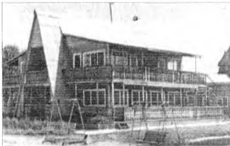
А это продукция завода
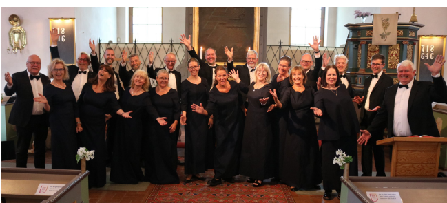
Kammarkören på konsertutflykt till Tåssjö

En vacker försommardag i slutet av maj bekantade vi oss med Tåssjö kyrka, där publiken bjöds på ett vackert sommarprogram. Även kören gladdes åt sol och värme, vilket förhoppningsvis syns i bilden nedan och på detta häftes framsida.
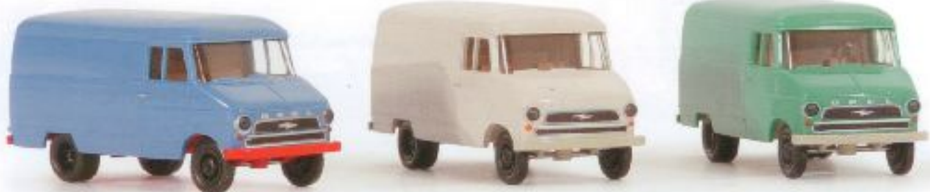
n 35600 Opel Blitz Kastenwagen A (1960-65), 3 Farben, sortiert € 9,00
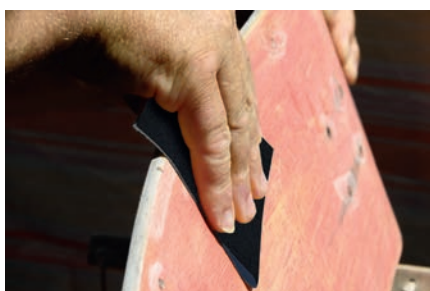
Móveis e madeira em geral
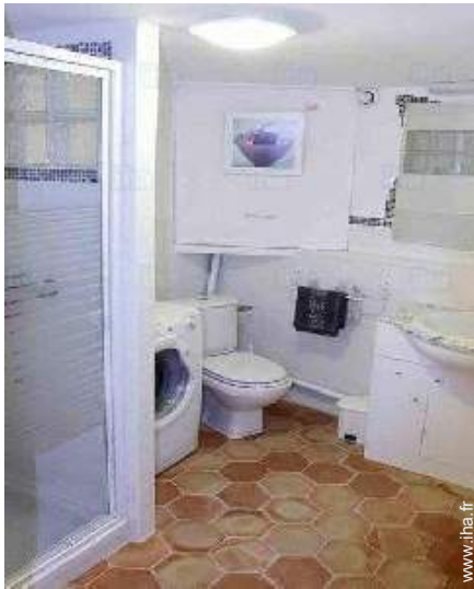
salle(s) de douche
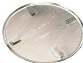
Piatto lisciatura Smoothing plate
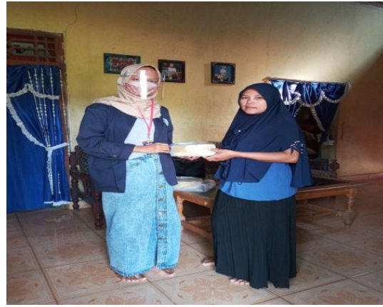
Membagikan APD kepada Masyarakat yang Memiliki UMKM
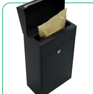
Ideal para entregas en sobres grandes y paquetes flexibles
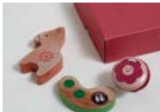
3P キッズパーカッション リズムミックベビーセット

赤ちゃんが沢山の“はじめての音”を体験する時。周囲に流れる優しい音に包まれると、おだやかな気持ちでいられるでしょう。また、自分で物がつかめるようになったら、握って振って音が出る事に夢中になる事、間違い無し。木のぬくもりを感じられる「リズムミックベビーセット」は、角の無いフォルムと水性塗料を使用し、安全にも配慮した知育楽器です。
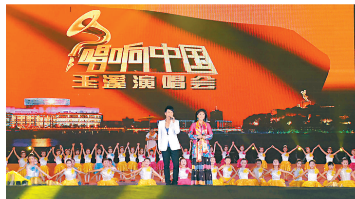
▲紀念聶耳誕辰一百周年演唱會在聶耳音樂廣場唱響
++++++++++++++++++++
TASK OBJECTIVE: Please go line by line through the records above, copying each one that holds the string "Tåssjö".

ANSWER BOX:
Kammarkören på konsertutflykt till Tåssjö
En vacker försommardag i slutet av maj bekantade vi oss med Tåssjö kyrka, där publiken bjöds på ett vackert sommarprogram. Även kören gladdes åt sol och värme, vilket förhoppningsvis syns i bilden nedan och på detta häftes framsida.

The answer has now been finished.